→ PROBLEM REQUIREMENTS: Output all entries exactly; images excluded.

→ DATA UNDER STUDY:
_ _ _ _ _
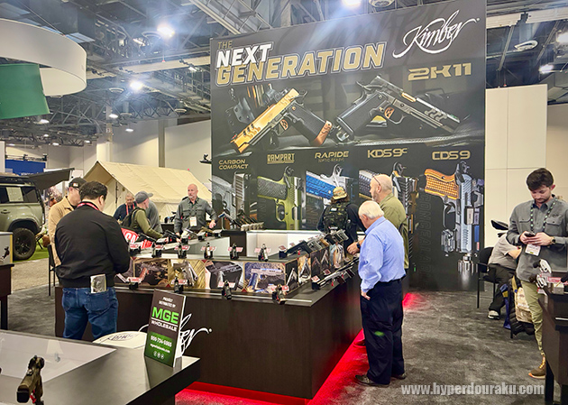 かつてはシングルスタック.45口径のM1911クローンしか製造しない頑固一徹なメイカー、というイメージが強かったKIMBERだが、久しぶりにショットショーのブースを訪れてみれば、モジュラーフレームのハイキャップ「2K11シリーズ」を前面に押し出す展開で、カラーリングもじつに鮮やか! まさしく隔世の感があった。
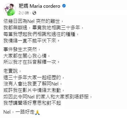 肥媽日前在抖音片上載「深切緬懷亡友NelNel張學潤」的短片。
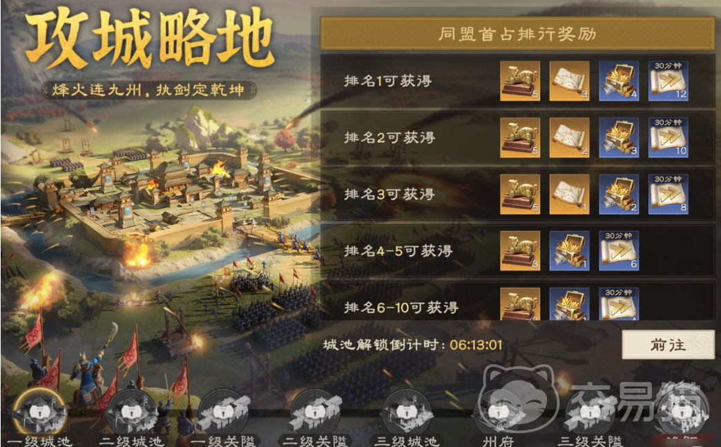 当同盟首次成功占领某一类城池后,系统会将其纳入排行榜统计范围。根据最终排名,所有同盟成员均可获得相应奖励,强调团队协作的重要性。
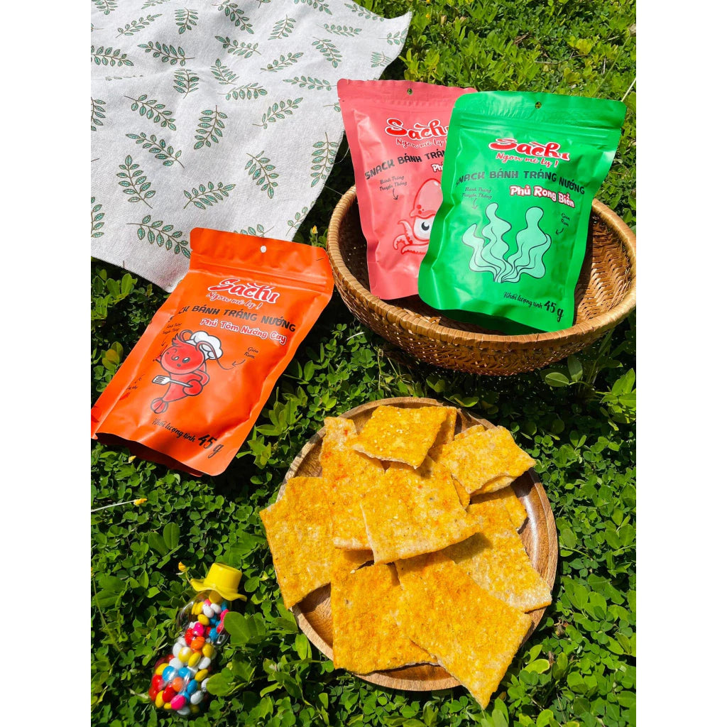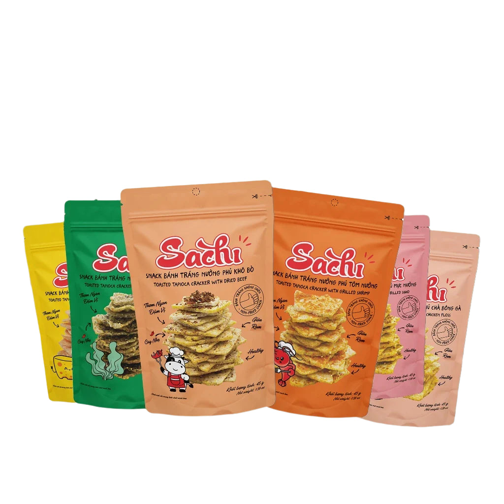 Snack BÁNH TRÁNG NƯỚNG SACHI PHỦ GIA VỊ được sản xuất và đóng gói hoàn toàn tại Việt Nam, đầy đủ các chứng nhận An Toàn Thực Phẩm, ISO đảm bảo chất lượng cao nhất đến tay người tiêu dùng. Nguồn nguyên liệu hoàn toàn tự nhiên không dùng hoá chất hay chất bảo quản. Nền bánh tráng nướng làm từ gạo Bình Định, dừa Tam Quan được nướng bằng công nghệ độc quyền, hiện đại và vẫn giữ được độ giòn tan béo ngậy truyền thống.
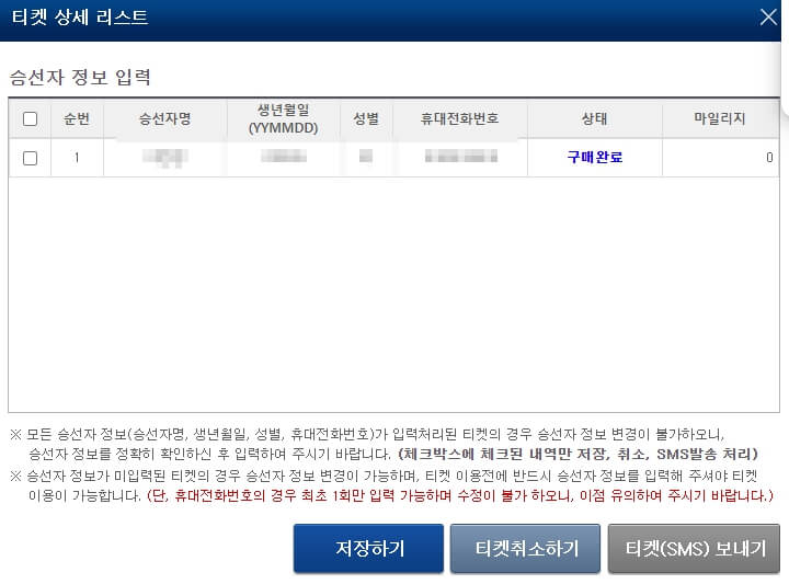 티켓정보를 눌러보시면 승선자 정보까지 확인 가능합니다.
_ _ _ _ _
→ EXERCISE ANSWER:
 かつてはシングルスタック.45口径のM1911クローンしか製造しない頑固一徹なメイカー、というイメージが強かったKIMBERだが、久しぶりにショットショーのブースを訪れてみれば、モジュラーフレームのハイキャップ「2K11シリーズ」を前面に押し出す展開で、カラーリングもじつに鮮やか! まさしく隔世の感があった。
 肥媽日前在抖音片上載「深切緬懷亡友NelNel張學潤」的短片。
 当同盟首次成功占领某一类城池后,系统会将其纳入排行榜统计范围。根据最终排名,所有同盟成员均可获得相应奖励,强调团队协作的重要性。
 Snack BÁNH TRÁNG NƯỚNG SACHI PHỦ GIA VỊ được sản xuất và đóng gói hoàn toàn tại Việt Nam, đầy đủ các chứng nhận An Toàn Thực Phẩm, ISO đảm bảo chất lượng cao nhất đến tay người tiêu dùng. Nguồn nguyên liệu hoàn toàn tự nhiên không dùng hoá chất hay chất bảo quản. Nền bánh tráng nướng làm từ gạo Bình Định, dừa Tam Quan được nướng bằng công nghệ độc quyền, hiện đại và vẫn giữ được độ giòn tan béo ngậy truyền thống.
 티켓정보를 눌러보시면 승선자 정보까지 확인 가능합니다.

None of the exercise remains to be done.